* THE PROBLEM: What you write must match, character for character, the lines from the one with "为此,东方天津风电、交付中心" down to the one with "Este conjunto combina" in the listing below, minus its pictures.

* EXERCISE MATERIALS:
******************************
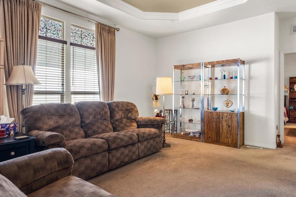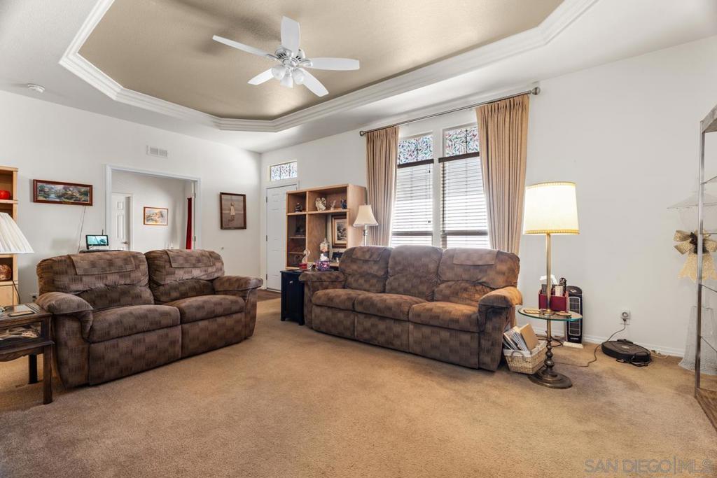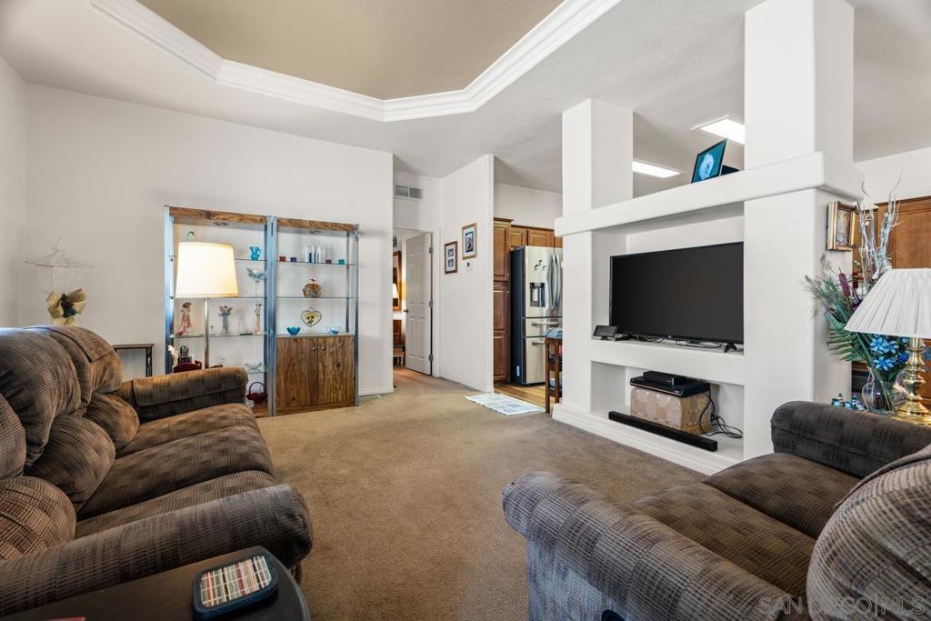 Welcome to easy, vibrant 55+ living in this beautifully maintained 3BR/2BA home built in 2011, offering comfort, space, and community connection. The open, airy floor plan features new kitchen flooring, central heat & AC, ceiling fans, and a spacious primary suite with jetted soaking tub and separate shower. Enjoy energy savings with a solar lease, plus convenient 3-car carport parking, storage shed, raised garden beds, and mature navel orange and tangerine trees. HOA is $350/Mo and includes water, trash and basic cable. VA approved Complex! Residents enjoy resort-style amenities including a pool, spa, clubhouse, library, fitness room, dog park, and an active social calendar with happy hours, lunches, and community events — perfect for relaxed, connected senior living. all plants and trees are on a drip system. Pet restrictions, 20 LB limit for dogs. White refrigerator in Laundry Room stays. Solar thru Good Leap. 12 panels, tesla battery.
******************************
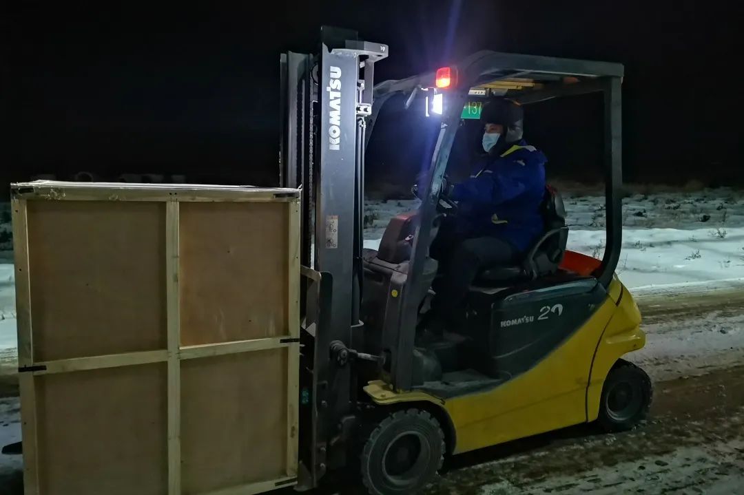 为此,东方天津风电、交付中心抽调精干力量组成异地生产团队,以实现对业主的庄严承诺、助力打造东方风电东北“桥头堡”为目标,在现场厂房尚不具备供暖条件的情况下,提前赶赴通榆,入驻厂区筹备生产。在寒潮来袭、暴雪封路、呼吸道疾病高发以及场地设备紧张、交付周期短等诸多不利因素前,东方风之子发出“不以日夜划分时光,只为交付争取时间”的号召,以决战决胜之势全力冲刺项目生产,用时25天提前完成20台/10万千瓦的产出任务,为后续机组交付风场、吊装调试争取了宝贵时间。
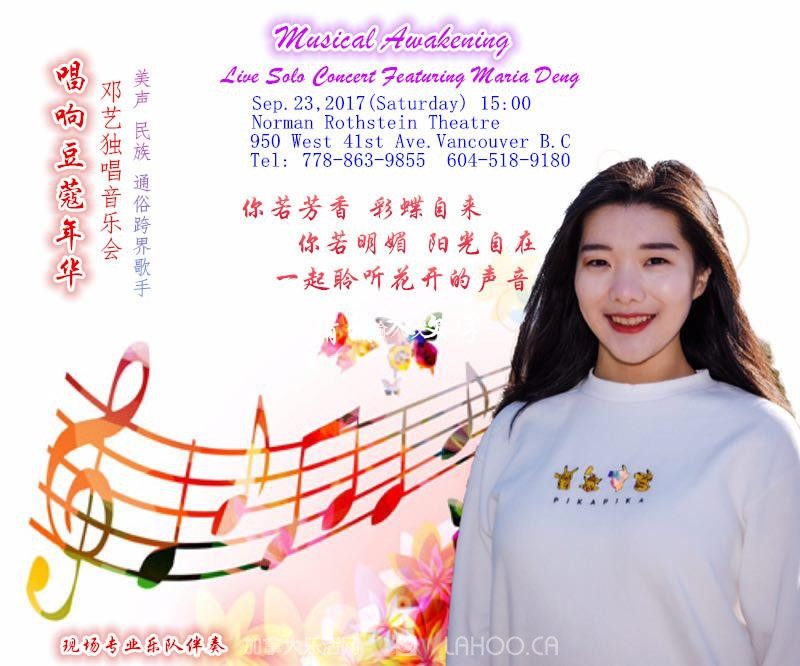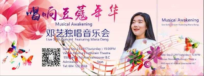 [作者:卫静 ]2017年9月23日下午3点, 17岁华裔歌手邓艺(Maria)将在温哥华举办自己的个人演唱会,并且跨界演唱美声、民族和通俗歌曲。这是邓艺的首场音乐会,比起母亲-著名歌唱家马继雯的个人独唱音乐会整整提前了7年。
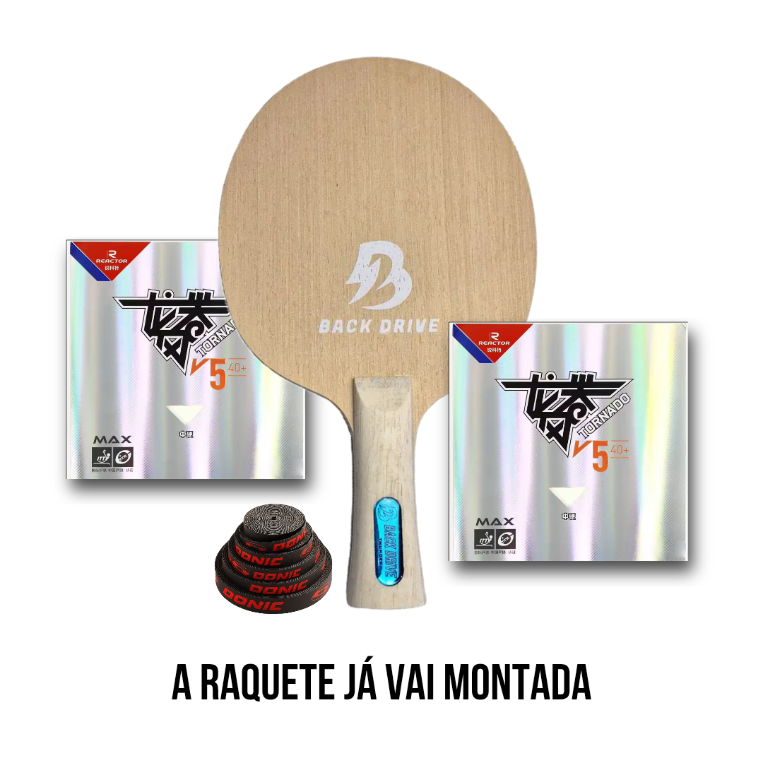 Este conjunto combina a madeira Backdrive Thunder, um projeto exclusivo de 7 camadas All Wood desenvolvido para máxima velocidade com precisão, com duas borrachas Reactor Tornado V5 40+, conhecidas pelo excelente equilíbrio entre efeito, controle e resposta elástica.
******************************
* RESPONSE AREA:
 为此,东方天津风电、交付中心抽调精干力量组成异地生产团队,以实现对业主的庄严承诺、助力打造东方风电东北“桥头堡”为目标,在现场厂房尚不具备供暖条件的情况下,提前赶赴通榆,入驻厂区筹备生产。在寒潮来袭、暴雪封路、呼吸道疾病高发以及场地设备紧张、交付周期短等诸多不利因素前,东方风之子发出“不以日夜划分时光,只为交付争取时间”的号召,以决战决胜之势全力冲刺项目生产,用时25天提前完成20台/10万千瓦的产出任务,为后续机组交付风场、吊装调试争取了宝贵时间。
 [作者:卫静 ]2017年9月23日下午3点, 17岁华裔歌手邓艺(Maria)将在温哥华举办自己的个人演唱会,并且跨界演唱美声、民族和通俗歌曲。这是邓艺的首场音乐会,比起母亲-著名歌唱家马继雯的个人独唱音乐会整整提前了7年。
 Este conjunto combina a madeira Backdrive Thunder, um projeto exclusivo de 7 camadas All Wood desenvolvido para máxima velocidade com precisão, com duas borrachas Reactor Tornado V5 40+, conhecidas pelo excelente equilíbrio entre efeito, controle e resposta elástica.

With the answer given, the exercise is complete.